» Data supplied:
--*--
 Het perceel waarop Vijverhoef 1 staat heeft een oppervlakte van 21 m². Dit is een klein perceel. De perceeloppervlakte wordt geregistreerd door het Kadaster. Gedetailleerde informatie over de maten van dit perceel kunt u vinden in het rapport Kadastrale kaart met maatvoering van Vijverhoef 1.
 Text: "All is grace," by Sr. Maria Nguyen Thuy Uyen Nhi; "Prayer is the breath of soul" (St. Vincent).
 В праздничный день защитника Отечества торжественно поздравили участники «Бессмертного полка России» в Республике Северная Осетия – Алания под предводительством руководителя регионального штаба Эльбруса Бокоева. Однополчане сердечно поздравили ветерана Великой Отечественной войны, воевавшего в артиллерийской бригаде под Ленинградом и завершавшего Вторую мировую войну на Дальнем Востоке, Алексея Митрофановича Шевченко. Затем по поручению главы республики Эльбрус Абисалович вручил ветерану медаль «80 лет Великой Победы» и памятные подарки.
--*--
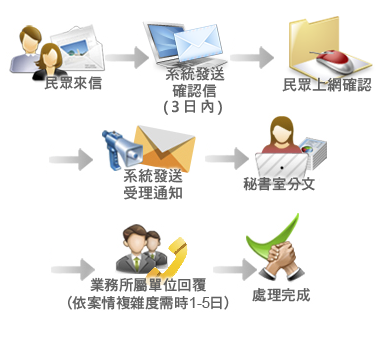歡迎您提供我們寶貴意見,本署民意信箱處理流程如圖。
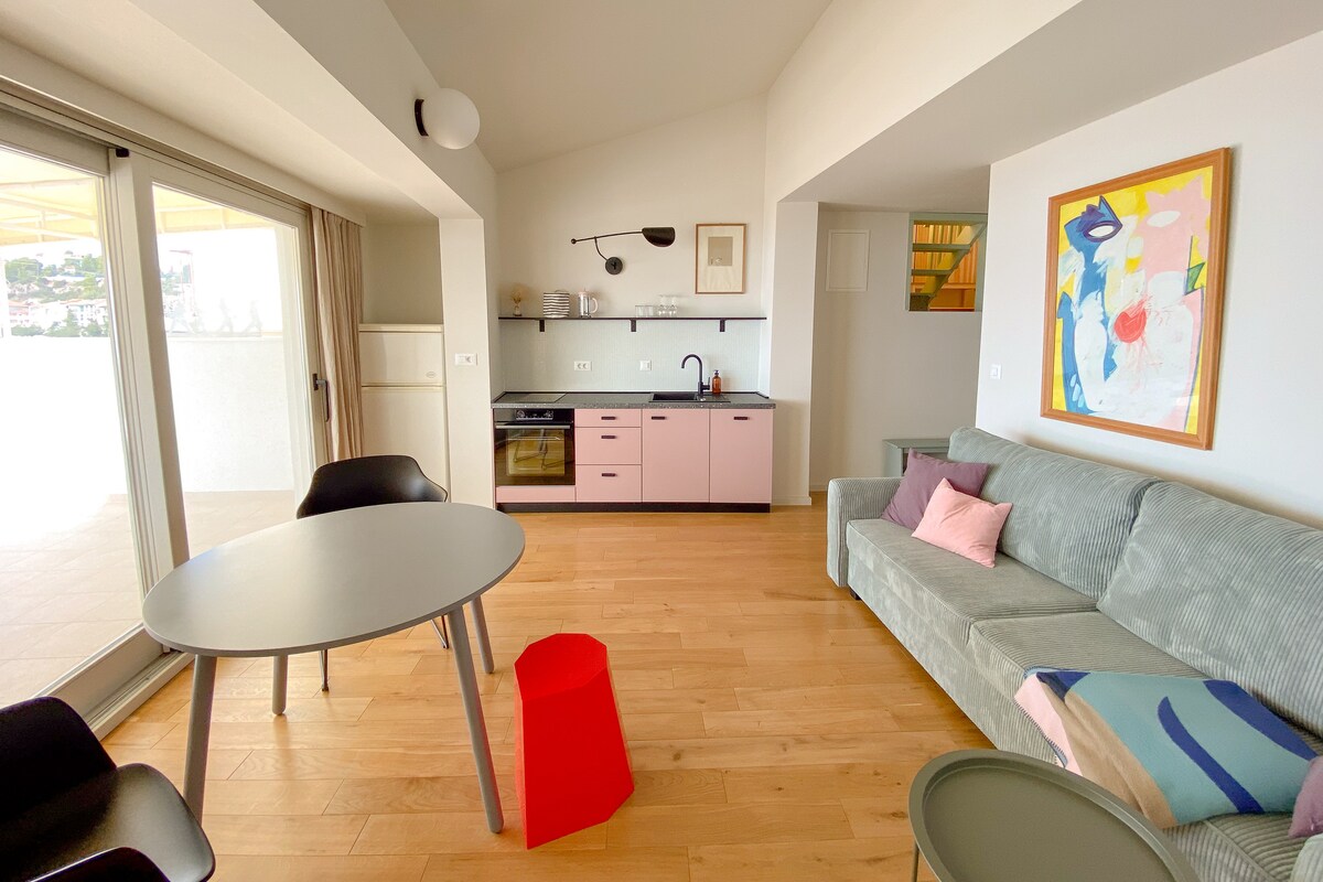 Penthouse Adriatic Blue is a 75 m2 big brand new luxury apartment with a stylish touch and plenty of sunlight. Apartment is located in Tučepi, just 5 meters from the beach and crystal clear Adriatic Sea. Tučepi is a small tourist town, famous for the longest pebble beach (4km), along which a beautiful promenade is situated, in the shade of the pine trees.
--*--
» Problem statement: All lines above from the line with "Het perceel waarop" through the line with "В праздничный день", both included, are to be set down exactly, with nothing else.

» Response to the task:
 Het perceel waarop Vijverhoef 1 staat heeft een oppervlakte van 21 m². Dit is een klein perceel. De perceeloppervlakte wordt geregistreerd door het Kadaster. Gedetailleerde informatie over de maten van dit perceel kunt u vinden in het rapport Kadastrale kaart met maatvoering van Vijverhoef 1.
 Text: "All is grace," by Sr. Maria Nguyen Thuy Uyen Nhi; "Prayer is the breath of soul" (St. Vincent).
 В праздничный день защитника Отечества торжественно поздравили участники «Бессмертного полка России» в Республике Северная Осетия – Алания под предводительством руководителя регионального штаба Эльбруса Бокоева. Однополчане сердечно поздравили ветерана Великой Отечественной войны, воевавшего в артиллерийской бригаде под Ленинградом и завершавшего Вторую мировую войну на Дальнем Востоке, Алексея Митрофановича Шевченко. Затем по поручению главы республики Эльбрус Абисалович вручил ветерану медаль «80 лет Великой Победы» и памятные подарки.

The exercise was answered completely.